Concerning the different compound feeds used, the natural carotenoid and α-tocopherol contents in the three management systems were lower than expected. Some authors [11,32] indicated that the content of natural carotenoids and α-tocopherol in feed is naturally low, possibly because during the manufacturing process, the pellet compound feed is subjected to heat, which degrades these compounds. It is precisely this lability of vitamins that justifies microencapsulation in commercial concentrates because this process protects molecules from degradation, improves stability and solubility and therefore can increase bioavailability and release, ensuring the vitamin intake of goats [14,33,34]. A study conducted in cattle [35] demonstrated that microencapsulation technology protects vitamins from different factors that decrease their bioavailability, such as ruminal hydrolysis, temperature, oxidation, interaction with other compounds in the diet or components present in the matrix.
To explain the relationship between the amount of the different compounds ingested by goats and the amount of these same compounds found in plasma and milk, some different interactions should be considered. In cows, it has been shown that between 40% and 70% of the β-carotene present in the pasture disappears in the rumen [36]. On the other hand, the intestinal values of α-tocopherol can reach 40% in primarily grain-based diets because this vitamin is oxidized in the presence of polyunsaturated and mineral fatty acids [36]. In the intestinal lumen, the absorption of β-carotene, retinol and α-tocopherol depends largely on the quantity and quality of the fat in the baseline diet [35] and is linked to the formation of micelles by the action of pancreatic lipase and bile salts [14]. The bioefficacy of β-carotene in the intestinal lumen decreases due to the presence of fiber or other carotenoids [37] and the differences in activity between species of enzymes (necessary for the transformation of β-carotene into retinol) [14,37,38] such as retinol dehydrogenase and retinol reductase (β,β-carotene 15, and 15 monooxygenase 1, CCO1). In addition, it is known that in goats, the conversion of β-carotene to retinol is more efficient than in cows [39].

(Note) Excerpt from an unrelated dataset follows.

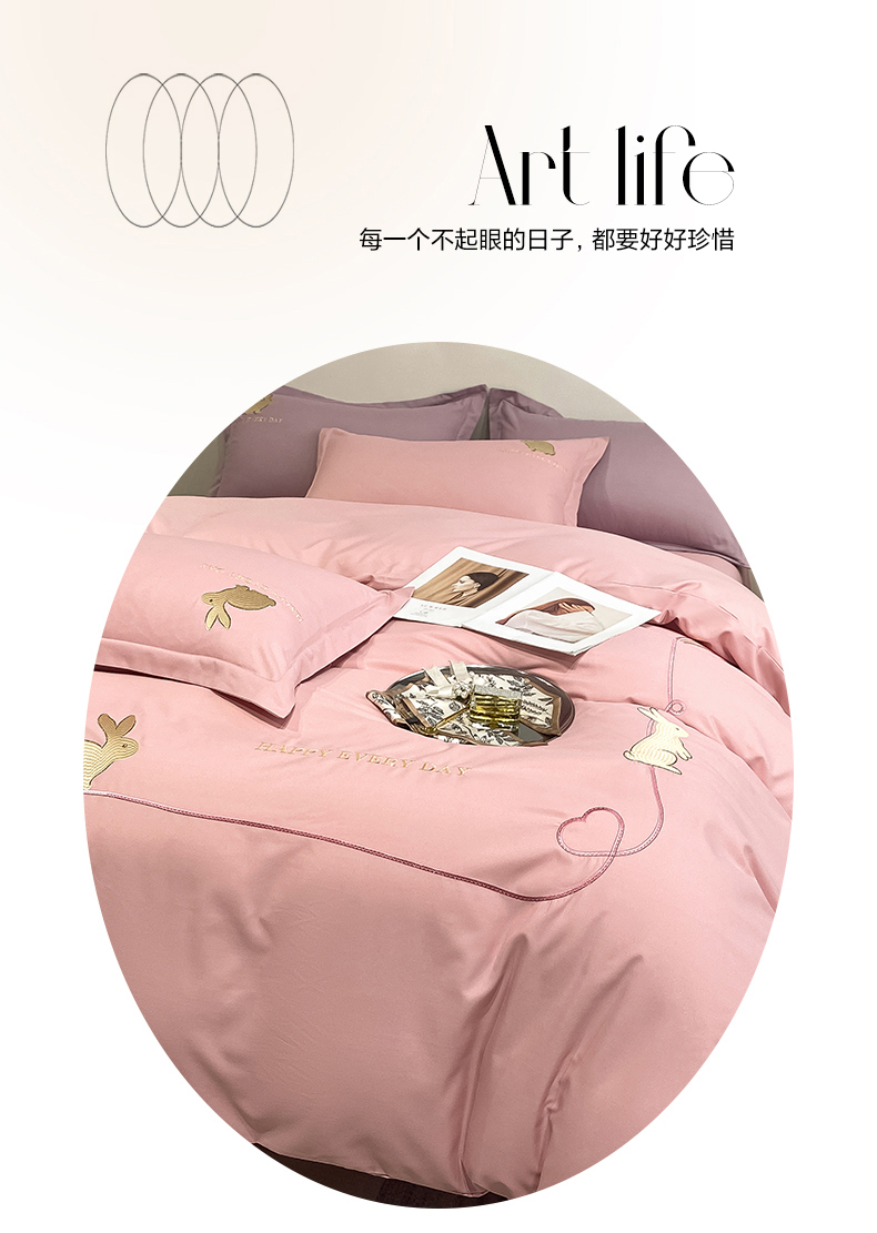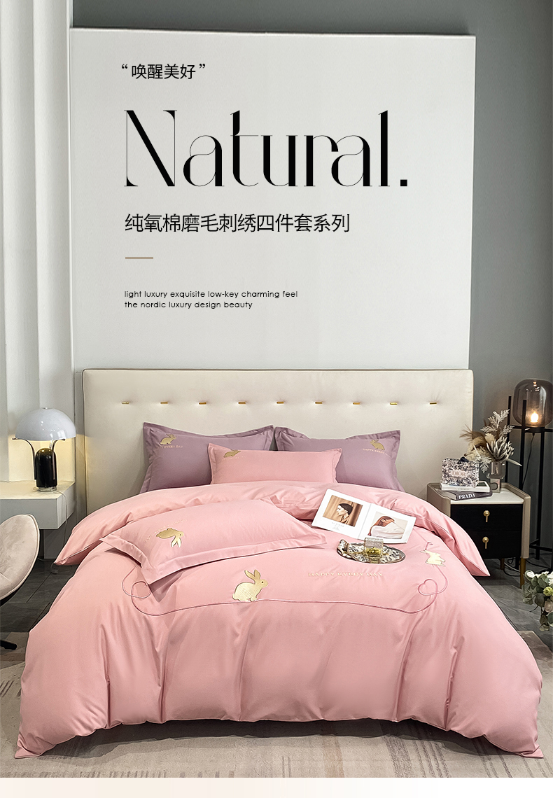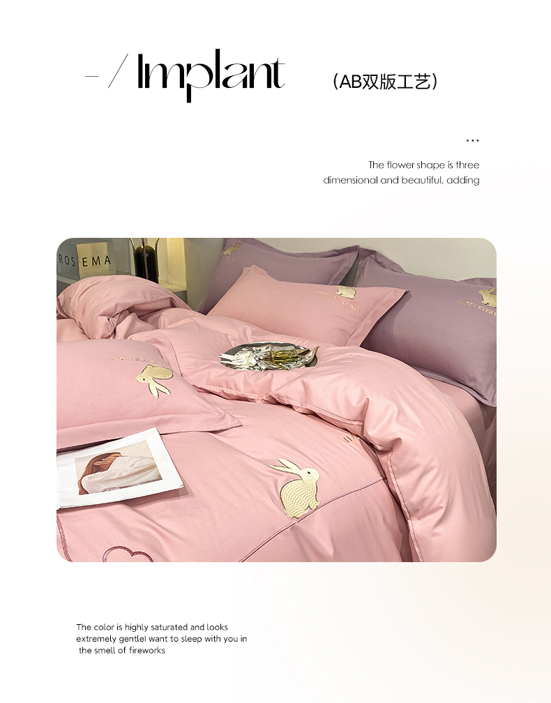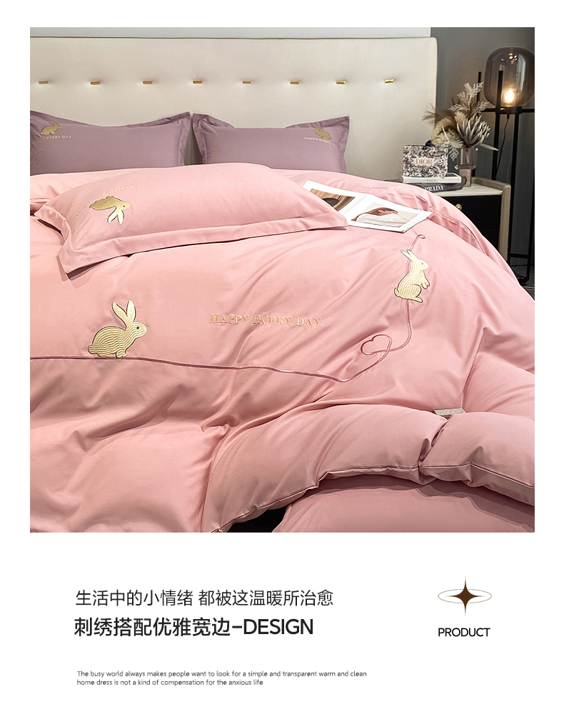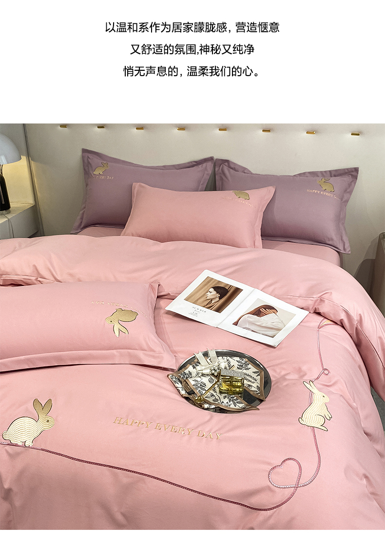 (总)爱家2023新款纯氧棉磨毛刺绣四件套--吉祥兔系列

Regarding α-tocopherol, it must be considered that the natural isomeric form of vitamin E is RRR α-tocopherol (found in plants, vegetable oils and in unenriched feeds) [14,36], while supplementation is performed with all-rac-alpha-tocopheryl acetate. Both forms of vitamin E, natural and synthetic, are absorbed by the intestine indiscriminately [14]. However, according to some authors of studies performed in cattle [40], natural vitamin E provides 2 or 3 times more α-tocopherol than synthetic vitamin E because the αTTP protein that transfers α-tocopherol from the liver to tissues is specific to the RRR form of α-tocopherol. This reasoning concerning bioavailability could explain why in the current experiment, TMR goats had higher concentrations of stored retinol (milk, plasma) and lower concentrations of α-tocopherol than pasture-fed goats (MG and CM groups).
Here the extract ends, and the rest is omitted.